Task brief:
Would you transcribe the records below from the line with "Βαρβάρας, στην Τρίπολη." to the line with "The Baron Bliss", ends included, exactly and with nothing more, leaving the pictures out?

Data shown:
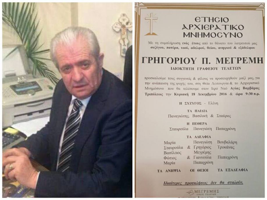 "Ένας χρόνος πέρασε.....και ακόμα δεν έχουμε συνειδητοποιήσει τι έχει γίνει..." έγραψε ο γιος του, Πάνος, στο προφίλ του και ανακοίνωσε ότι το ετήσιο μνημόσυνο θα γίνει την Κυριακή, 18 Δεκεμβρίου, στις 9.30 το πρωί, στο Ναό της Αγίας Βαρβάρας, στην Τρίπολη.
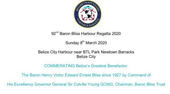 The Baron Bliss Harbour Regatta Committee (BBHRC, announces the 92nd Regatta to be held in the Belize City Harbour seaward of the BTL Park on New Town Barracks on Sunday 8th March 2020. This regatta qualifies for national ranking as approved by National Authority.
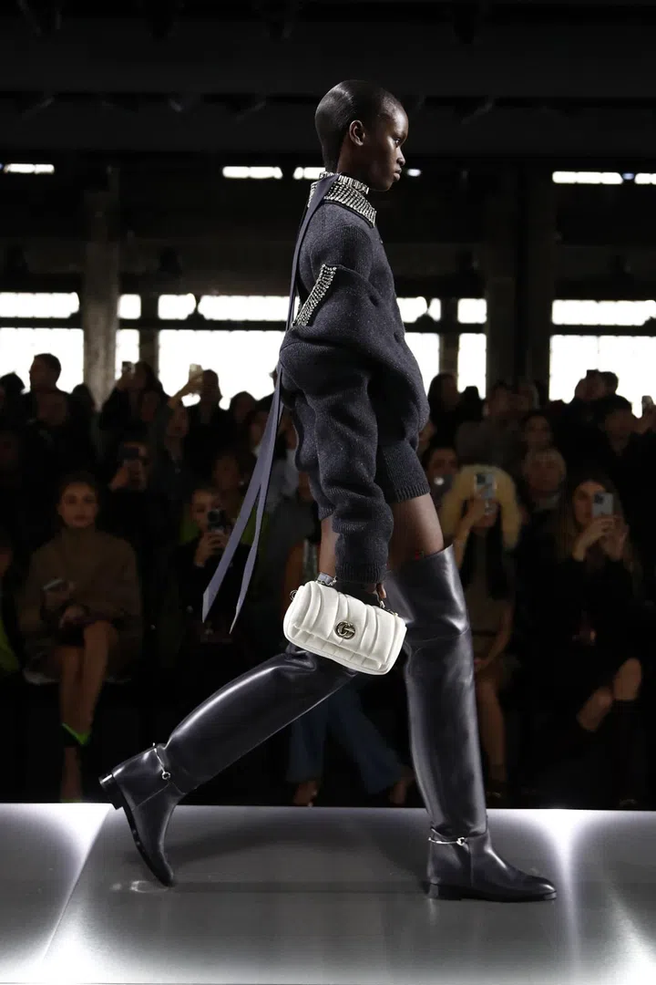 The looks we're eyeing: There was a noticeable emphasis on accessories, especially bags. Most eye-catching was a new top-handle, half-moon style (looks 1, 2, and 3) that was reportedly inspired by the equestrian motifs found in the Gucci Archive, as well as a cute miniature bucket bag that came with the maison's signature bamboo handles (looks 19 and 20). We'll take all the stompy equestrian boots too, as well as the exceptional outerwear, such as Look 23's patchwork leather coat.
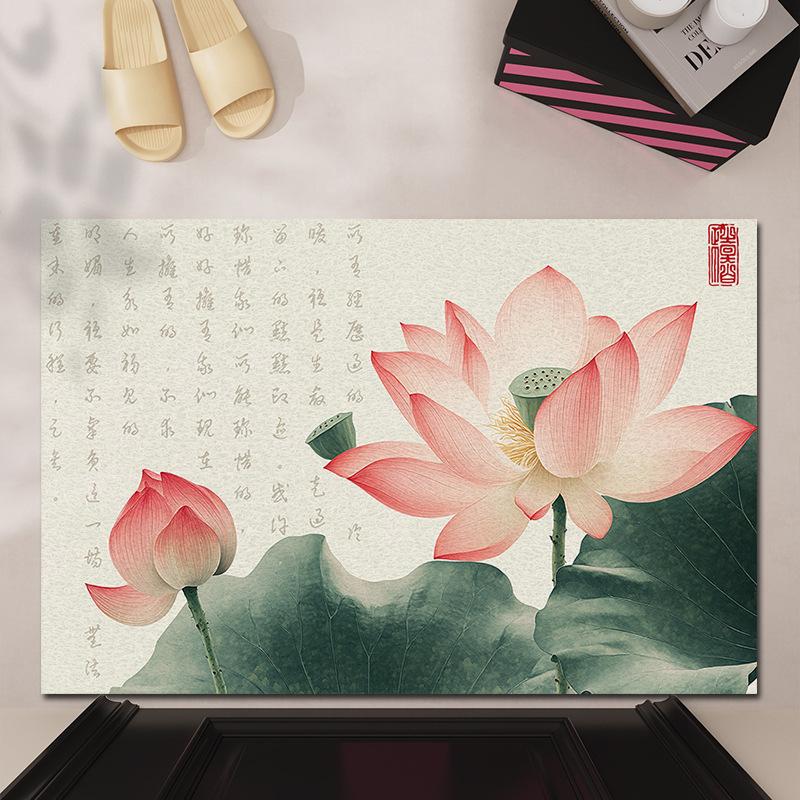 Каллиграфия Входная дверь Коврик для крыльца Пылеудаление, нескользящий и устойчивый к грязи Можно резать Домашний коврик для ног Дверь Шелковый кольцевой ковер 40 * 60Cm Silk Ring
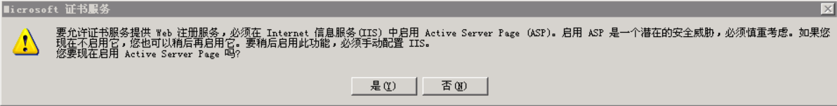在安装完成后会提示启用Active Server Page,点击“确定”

--

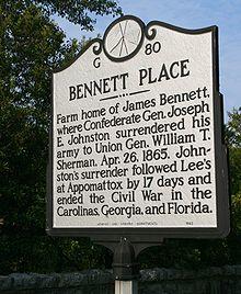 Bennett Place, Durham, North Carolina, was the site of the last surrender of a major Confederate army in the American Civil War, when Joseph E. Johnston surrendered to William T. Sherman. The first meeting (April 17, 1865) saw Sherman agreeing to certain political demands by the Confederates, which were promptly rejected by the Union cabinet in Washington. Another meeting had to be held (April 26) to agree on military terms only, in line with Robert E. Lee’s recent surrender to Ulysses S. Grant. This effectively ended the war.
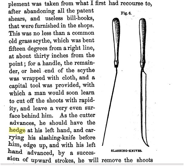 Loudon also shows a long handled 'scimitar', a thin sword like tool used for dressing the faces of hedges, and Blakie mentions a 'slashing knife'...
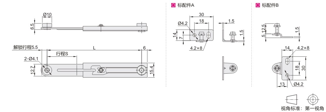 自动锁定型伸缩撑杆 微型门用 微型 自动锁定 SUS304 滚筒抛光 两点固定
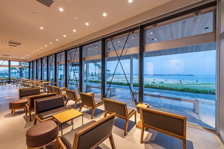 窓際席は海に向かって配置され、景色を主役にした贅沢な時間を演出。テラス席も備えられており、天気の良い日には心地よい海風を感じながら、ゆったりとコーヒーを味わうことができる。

Solved exercise:
 "Ένας χρόνος πέρασε.....και ακόμα δεν έχουμε συνειδητοποιήσει τι έχει γίνει..." έγραψε ο γιος του, Πάνος, στο προφίλ του και ανακοίνωσε ότι το ετήσιο μνημόσυνο θα γίνει την Κυριακή, 18 Δεκεμβρίου, στις 9.30 το πρωί, στο Ναό της Αγίας Βαρβάρας, στην Τρίπολη.
 The Baron Bliss Harbour Regatta Committee (BBHRC, announces the 92nd Regatta to be held in the Belize City Harbour seaward of the BTL Park on New Town Barracks on Sunday 8th March 2020. This regatta qualifies for national ranking as approved by National Authority.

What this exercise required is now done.